Given that Obama is addressing the nation tonight, he has a tremendous opportunity to convert Americans who are now on the fence -- in addition to those who now disapprove of him -- into supporters. The latest _USA Today/_Gallup poll shows Americans are most interested in hearing about economic matters, particularly how Obama will address unemployment, the mortgage crisis, and how the economic stimulus package will be administered.
*Survey Methods*
Results are based on telephone interviews with 1,553 national adults, aged 18 and older, conducted Feb. 21-23, 2009, as part of Gallup Poll Daily tracking.

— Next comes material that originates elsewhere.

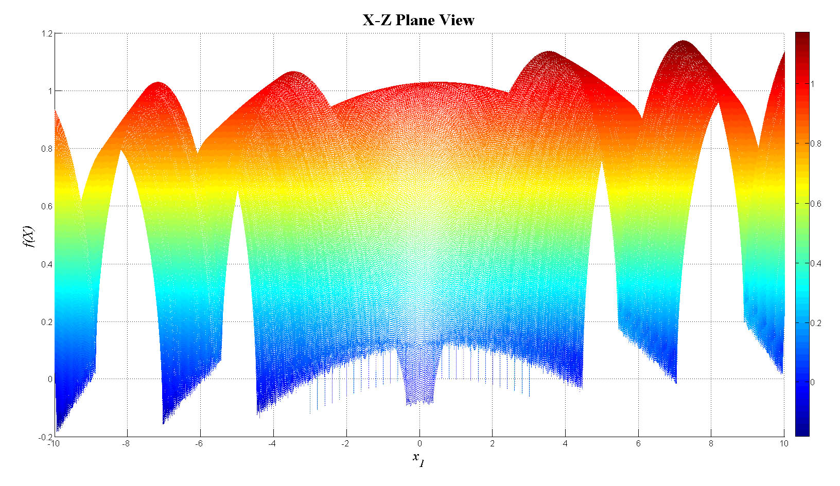 mesh(x1,x2,f_tot);view(0,0);colorbar;set(gca,'FontSize',12);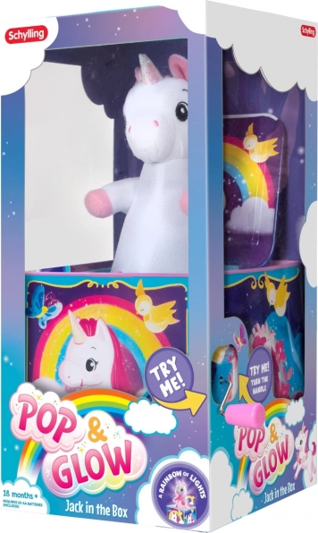 Oplev en magisk kombination af en klassisk spilledåse og moderne effekter. Når du drejer på håndtaget, lyder den populære melodi, og fra den farverige boks springer en plysenhjørning op, som lyser med et blødt flerfarvet skær. Ideel som gave til små børn, der elsker overraskelser, musik og eventyrlige figurer.

For results based on the total sample of national adults, one can say with 95% confidence that the maximum margin of sampling error is ±3 percentage points.
Interviews are conducted with respondents on land-line telephones (for respondents with a land-line telephone) and cellular phones (for respondents who are cell-phone only).
In addition to sampling error, question wording and practical difficulties in conducting surveys can introduce error or bias into the findings of public opinion polls.


----------



## cj3441 (Oct 14, 2004)

In the words of Dennis Green "he is who we thought he was"


----------



## Guest (Feb 25, 2009)

The low polls might be due to the fact that many of his supporters cannot read or write. They maybe answering the questions incorrectly.


----------



## 94c (Oct 21, 2005)

MSP75 said:


> The low polls might be due to the fact that many of his supporters cannot read or write. They maybe answering the questions incorrectly.


Or they heard Gallup pole and all headed to the race track because they thought something was for free.


----------



## 7costanza (Aug 29, 2006)




----------



## Hawk19 (Jan 9, 2009)

When you've got to make decisions instead of talk about "hope", you're bound to offend people. Taking a stance on the economy/gay marriage/taxes, etc., will always offend certain parts of the populace, diminishing the popularity of a candidate who specialized in being all things to all people. Optimism only goes so far... A cabinet would help, especially one that pays taxes.


----------



## 8MORE (Nov 25, 2008)

Wall St. has been showing what they think of him for a while now.


----------



## Hawk19 (Jan 9, 2009)

Very true. The only smart move I think he's made is appointing Locke as his new commerce guy, but then again, he should have been the first choice.


----------